Many fruits are known for their medicinal properties and daily consumption of fruits in our diet can protect us from oxidative stress disorders. Fruits provide us antioxidants in the form of phenolic compounds, ascorbic acid, carotenoids, tocopherols etc. [12-14]. It is well known that phenolic compounds including flavonoids of plant origin are mostly responsible for radical scavenging [15-18]. From the results, it is clear that Z. mauritiana and E. japonica are rich in phenolic and flavonoid content. The activity of both fruit aqueous extracts in DPPH assay may be due to the presence of total phenols and flavonoids. Phenols neutralize the free radicals by donating hydrogen atoms [19]. As shown in the results, in DPPH assay the maximum percent inhibition in Z. mauritiana was found to be 74.89%, which may be due to the presence of more phenolic content i.e. 105.36 mg gallic acid/100 g fresh weight as compared to E. japonica which showed 51.07 % inhibition activity and having less phenolic content 8.16 mg gallic acid/100 g fresh weight.

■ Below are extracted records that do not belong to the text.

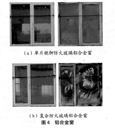 為滿足耐火完整性要求,鋁合金窗玻璃結(jié)構(gòu)中至少包含一層防火玻璃,防火玻璃按結(jié)構(gòu)可分為單片防火玻璃和復(fù)合防火玻璃。目前國內(nèi)常見單片防火玻璃主要為單片銫鉀防火玻璃:是指普通玻璃通過特殊化學(xué)處理在高溫狀態(tài)下進(jìn)行離子交換,加入了銫鉀等離子,同時(shí)通過物理鋼化處理,提高了玻璃的抗沖擊強(qiáng)度同;另外,一些企業(yè)為應(yīng)付檢查,采用高硼硅玻璃、微晶玻璃等制成特種防火玻璃,也屬于單片防火玻璃,但在工程上應(yīng)用較少。常見復(fù)合防火玻璃是指在兩片玻璃之間加上一層透明且具有阻燃性能的凝膠,凝膠遇到高溫時(shí)會(huì)發(fā)生吸熱分解反應(yīng),變?yōu)椴煌该?,有阻隔火焰的能力,目前國?nèi)主要采用海綿硅防火玻璃。不同防火玻璃結(jié)構(gòu)的鋁合金窗試驗(yàn)照片如圖4所示。
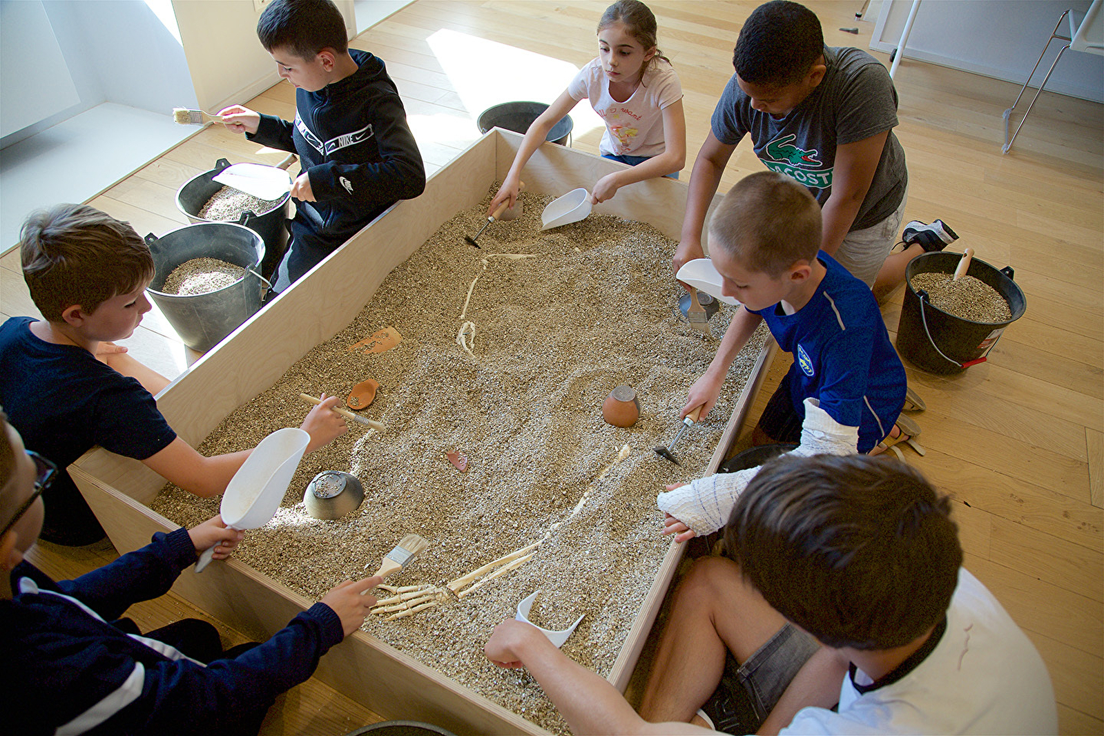 • En salle pédagogique, les enfants s’initient à l’archéologie, à ses métiers et découvrent les outils des professionnels.
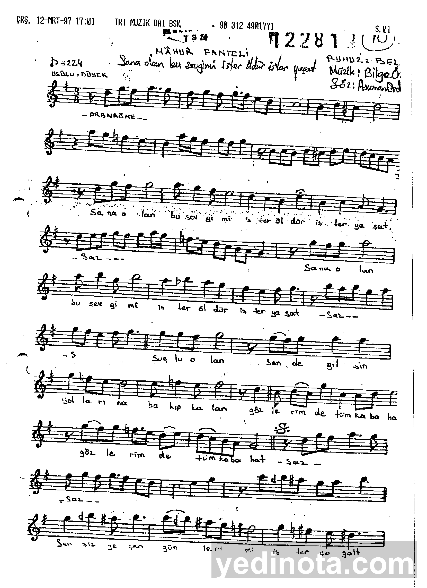 TRT Repertuar Numarası:12281BestekarıBilge ÖzgenSöz YazarıAsuman ErdemliMakamıMahurUsulüDüyekFormuŞarkı
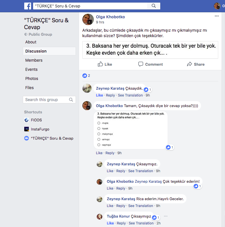 Но фишка в том, что, в отличие от большинства турок, лично я - чётко понимаю, как работает их язык. Я его как будто сама создавала. И если я говорю "Нет", то это с вероятностью 99,9% "Нет". Вот НАСТОЛЬКО я уверена в том, что знаю. Потому что не прочитала где-то, и не поверила кому-то на слово, а сама открыла когда-то. Сижу-думаю "Вот где найти умного турка, чтоб защитил мою версию?"... Посмотрела, нет ли в TDK какого адреса, где вопрос можно задать. И нет. Очень зря, кстати. Могли бы и сделать... Но нашла группу в фэйсбуке. Там турецкие лингвисты сидят, умные грамматические проблемы обсуждают. Я... среди ночи... пошла спросить у них.
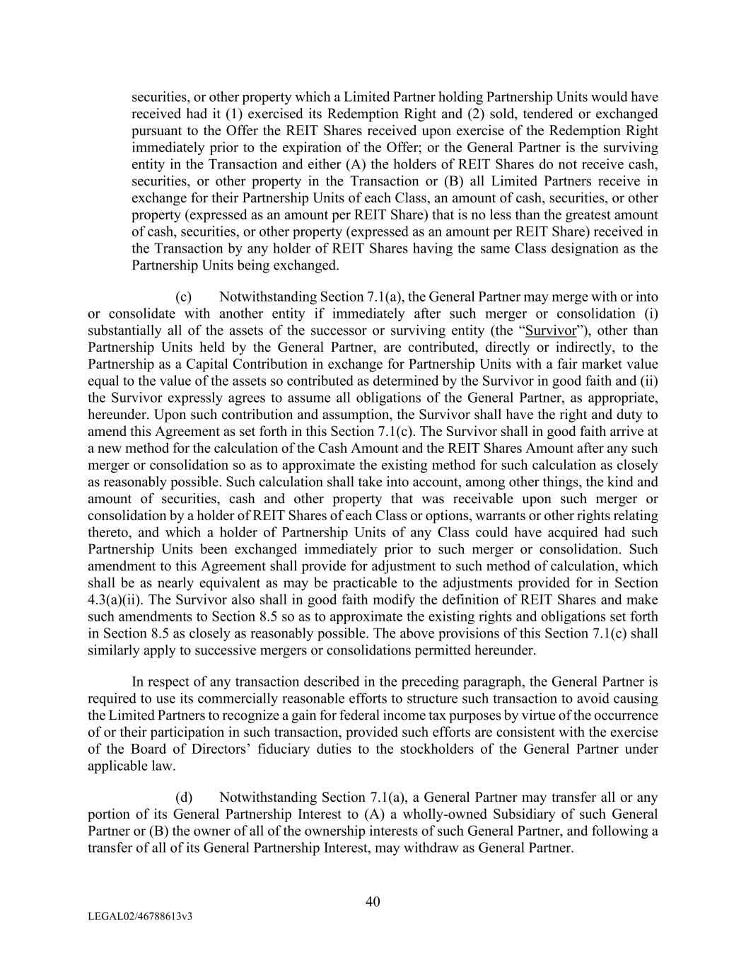 40 LEGAL02/46788613v3 securities, or other property which a Limited Partner holding Partnership Units would have received had it (1) exercised its Redemption Right and (2) sold, tendered or exchanged pursuant to the Offer the REIT Shares received upon exercise of the Redemption Right immediately prior to the expiration of the Offer; or the General Partner is the surviving entity in the Transaction and either (A) the holders of REIT Shares do not receive cash, securities, or other property in the Transaction or (B) all Limited Partners receive in exchange for their Partnership Units of each Class, an amount of cash, securities, or other property (expressed as an amount per REIT Share) that is no less than the greatest amount of cash, securities, or other property (expressed as an amount per REIT Share) received in the Transaction by any holder of REIT Shares having the same Class designation as the Partnership Units being exchanged. (c) Notwithstanding Section 7.1(a), the General Partner may merge with or into or consolidate with another entity if immediately after such merger or consolidation (i) substantially all of the assets of the successor or surviving entity (the “Survivor”), other than Partnership Units held by the General Partner, are contributed, directly or indirectly, to the Partnership as a Capital Contribution in exchange for Partnership Units with a fair market value equal to the value of the assets so contributed as determined by the Survivor in good faith and (ii) the Survivor expressly agrees to assume all obligations of the General Partner, as appropriate, hereunder. Upon such contribution and assumption, the Survivor shall have the right and duty to amend this Agreement as set forth in this Section 7.1(c). The Survivor shall in good faith arrive at a new method for the calculation of the Cash Amount and the REIT Shares Amount after any such merger or consolidation so as to approximate the existing method for such calculation as closely as reasonably possible. Such calculation shall take into account, among other things, the kind and amount of securities, cash and other property that was receivable upon such merger or consolidation by a holder of REIT Shares of each Class or options, warrants or other rights relating thereto, and which a holder of Partnership Units of any Class could have acquired had such Partnership Units been exchanged immediately prior to such merger or consolidation. Such amendment to this Agreement shall provide for adjustment to such method of calculation, which shall be as nearly equivalent as may be practicable to the adjustments provided for in Section 4.3(a)(ii). The Survivor also shall in good faith modify the definition of REIT Shares and make such amendments to Section 8.5 so as to approximate the existing rights and obligations set forth in Section 8.5 as closely as reasonably possible. The above provisions of this Section 7.1(c) shall similarly apply to successive mergers or consolidations permitted hereunder. In respect of any transaction described in the preceding paragraph, the General Partner is required to use its commercially reasonable efforts to structure such transaction to avoid causing the Limited Partners to recognize a gain for federal income tax purposes by virtue of the occurrence of or their participation in such transaction, provided such efforts are consistent with the exercise of the Board of Directors’ fiduciary duties to the stockholders of the General Partner under applicable law. (d) Notwithstanding Section 7.1(a), a General Partner may transfer all or any portion of its General Partnership Interest to (A) a wholly-owned Subsidiary of such General Partner or (B) the owner of all of the ownership interests of such General Partner, and following a transfer of all of its General Partnership Interest, may withdraw as General Partner.

Transition metals have been proposed as the catalysts for the initial formation of radicals and chelating compounds present in the plant extracts chelate the transition metals in the living systems and inhibit the generation of free radicals and protect the vital biomolecules form the free radical mediated oxidative stress. In the present study, both fruit extracts did not showed any chelating activity.

Conclusion

From the results, it is concluded that Z. mauritiana and E. japonica are rich in phenols and flavonoids and their antioxidant activities may be due to their hydrogen donating abilities instead of metal chelation.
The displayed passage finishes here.